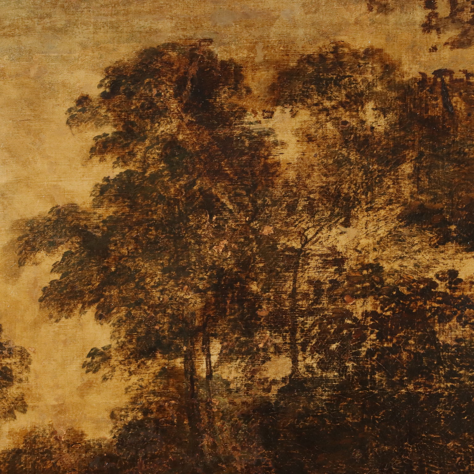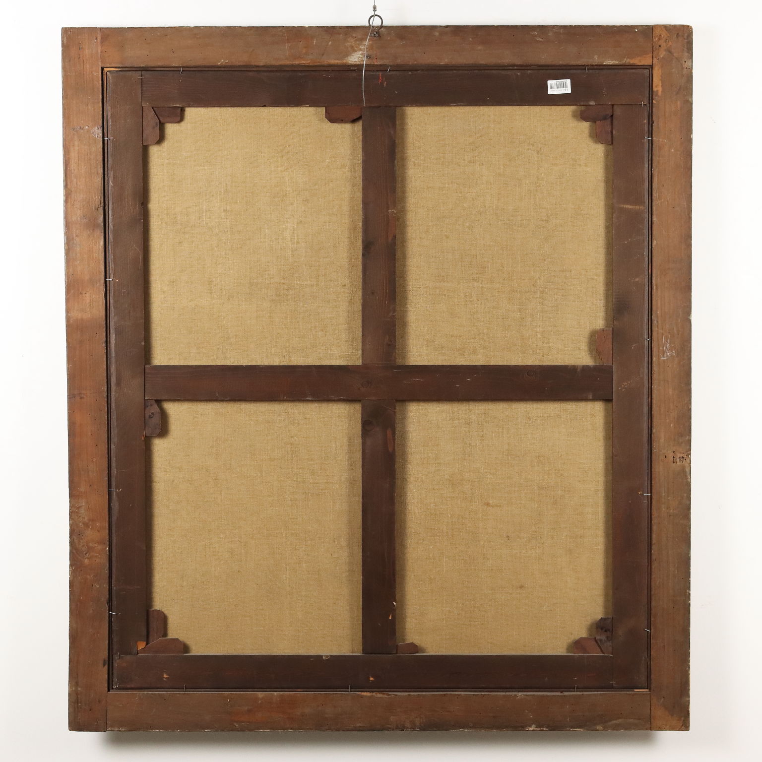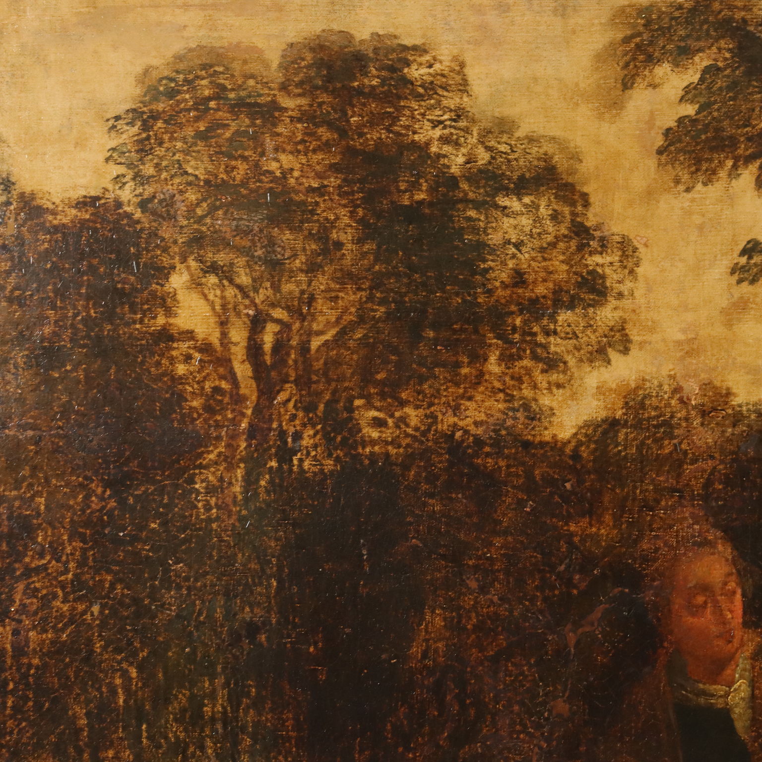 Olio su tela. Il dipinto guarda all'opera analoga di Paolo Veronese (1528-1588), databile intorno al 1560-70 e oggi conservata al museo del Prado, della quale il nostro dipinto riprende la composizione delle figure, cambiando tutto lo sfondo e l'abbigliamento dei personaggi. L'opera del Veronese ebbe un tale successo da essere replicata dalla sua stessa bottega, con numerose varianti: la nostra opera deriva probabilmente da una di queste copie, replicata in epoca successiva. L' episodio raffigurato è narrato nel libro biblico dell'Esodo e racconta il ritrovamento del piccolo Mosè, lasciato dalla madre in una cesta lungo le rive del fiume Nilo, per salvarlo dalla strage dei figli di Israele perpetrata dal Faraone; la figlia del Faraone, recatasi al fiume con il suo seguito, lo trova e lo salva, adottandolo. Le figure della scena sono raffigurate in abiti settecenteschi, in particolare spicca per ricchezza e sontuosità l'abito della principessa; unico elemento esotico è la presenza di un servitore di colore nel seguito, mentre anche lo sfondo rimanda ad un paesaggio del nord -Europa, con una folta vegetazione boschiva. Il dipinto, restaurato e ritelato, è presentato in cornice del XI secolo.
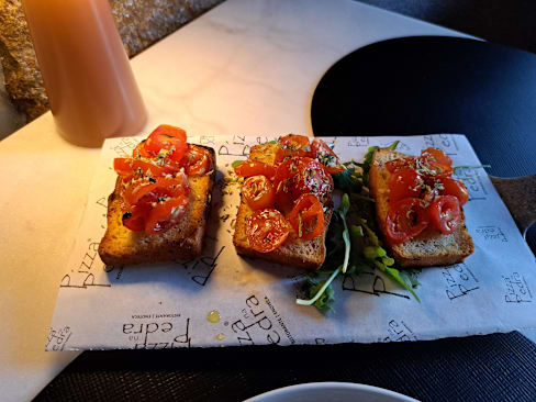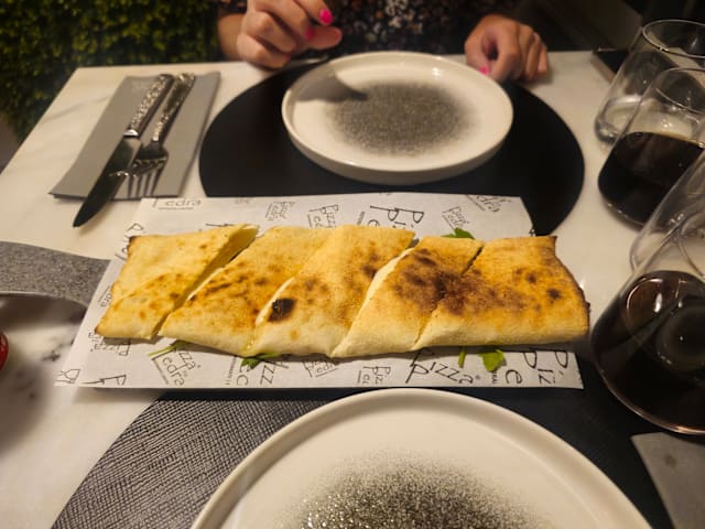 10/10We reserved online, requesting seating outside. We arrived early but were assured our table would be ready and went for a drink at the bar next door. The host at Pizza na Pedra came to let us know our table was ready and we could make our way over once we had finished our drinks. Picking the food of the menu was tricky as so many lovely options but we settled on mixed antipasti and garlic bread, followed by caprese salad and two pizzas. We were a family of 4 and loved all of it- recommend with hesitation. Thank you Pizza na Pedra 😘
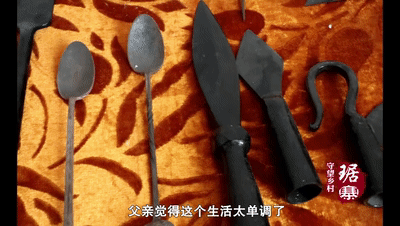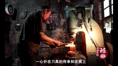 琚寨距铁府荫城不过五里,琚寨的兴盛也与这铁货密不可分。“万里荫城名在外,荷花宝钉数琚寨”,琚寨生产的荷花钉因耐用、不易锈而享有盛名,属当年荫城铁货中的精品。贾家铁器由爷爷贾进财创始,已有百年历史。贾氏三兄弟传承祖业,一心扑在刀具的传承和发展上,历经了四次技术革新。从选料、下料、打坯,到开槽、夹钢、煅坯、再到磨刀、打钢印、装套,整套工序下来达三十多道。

...

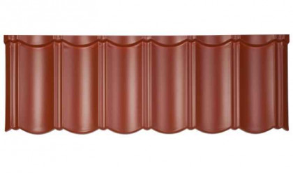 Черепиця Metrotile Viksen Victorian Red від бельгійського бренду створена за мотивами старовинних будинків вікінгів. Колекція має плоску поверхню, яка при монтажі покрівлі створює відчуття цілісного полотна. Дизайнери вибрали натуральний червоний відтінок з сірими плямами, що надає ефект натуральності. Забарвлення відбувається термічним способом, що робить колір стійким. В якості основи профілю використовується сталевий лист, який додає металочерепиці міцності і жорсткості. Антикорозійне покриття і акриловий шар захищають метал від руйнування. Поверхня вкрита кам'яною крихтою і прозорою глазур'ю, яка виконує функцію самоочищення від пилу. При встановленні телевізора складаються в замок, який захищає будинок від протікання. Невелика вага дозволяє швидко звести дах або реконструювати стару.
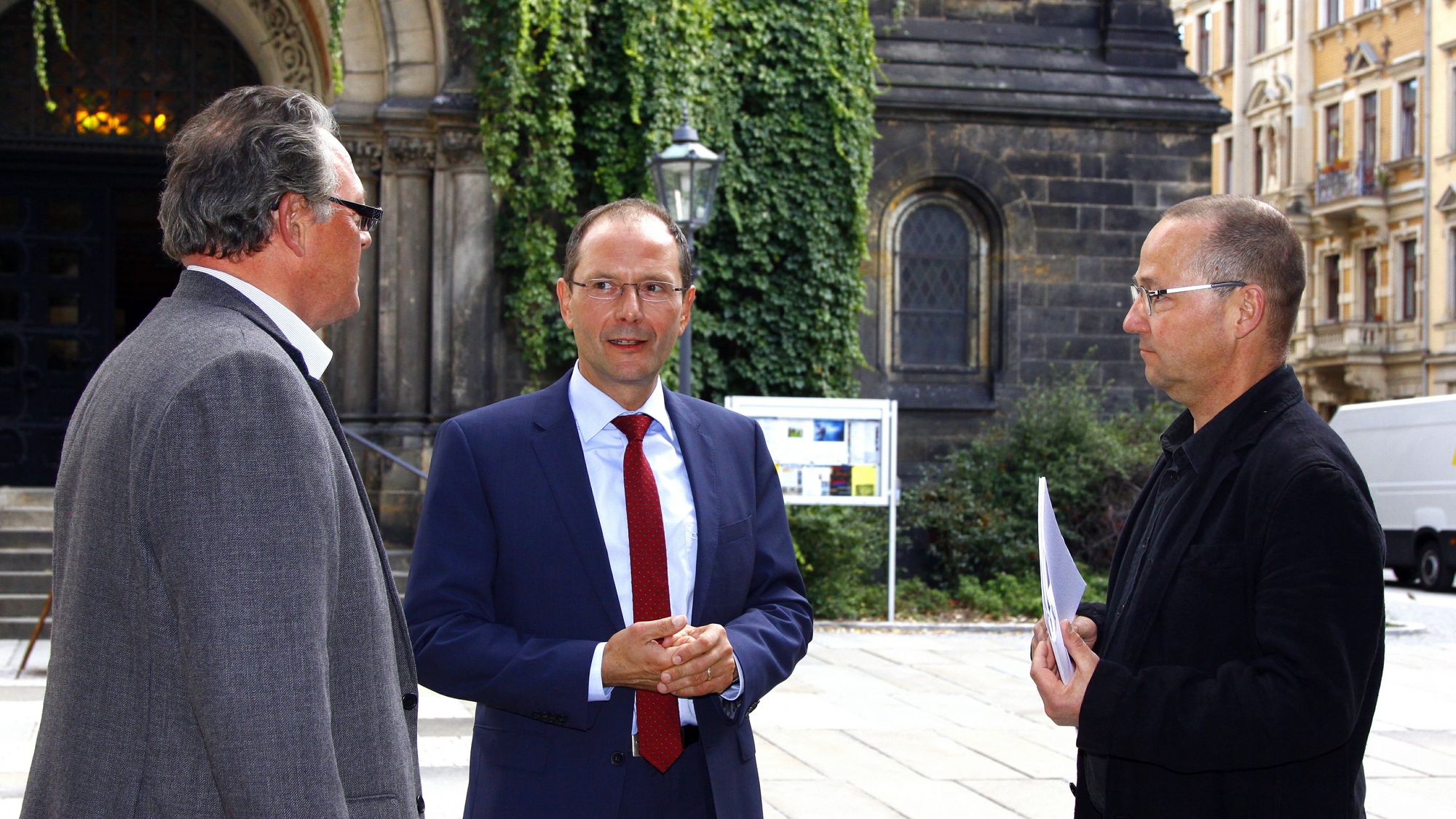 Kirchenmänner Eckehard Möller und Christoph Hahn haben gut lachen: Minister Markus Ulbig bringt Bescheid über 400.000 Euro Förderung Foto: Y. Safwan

### PROBLEM DETAILS
Beginning at the line above that contains "10/10We reserved online, requesting", repeat each line exactly through the one that contains "琚寨距铁府荫城不过五里,琚寨", and leave out the pictures.

### SOLUTION TO THIS EXERCISE
 10/10We reserved online, requesting seating outside. We arrived early but were assured our table would be ready and went for a drink at the bar next door. The host at Pizza na Pedra came to let us know our table was ready and we could make our way over once we had finished our drinks. Picking the food of the menu was tricky as so many lovely options but we settled on mixed antipasti and garlic bread, followed by caprese salad and two pizzas. We were a family of 4 and loved all of it- recommend with hesitation. Thank you Pizza na Pedra 😘
 琚寨距铁府荫城不过五里,琚寨的兴盛也与这铁货密不可分。“万里荫城名在外,荷花宝钉数琚寨”,琚寨生产的荷花钉因耐用、不易锈而享有盛名,属当年荫城铁货中的精品。贾家铁器由爷爷贾进财创始,已有百年历史。贾氏三兄弟传承祖业,一心扑在刀具的传承和发展上,历经了四次技术革新。从选料、下料、打坯,到开槽、夹钢、煅坯、再到磨刀、打钢印、装套,整套工序下来达三十多道。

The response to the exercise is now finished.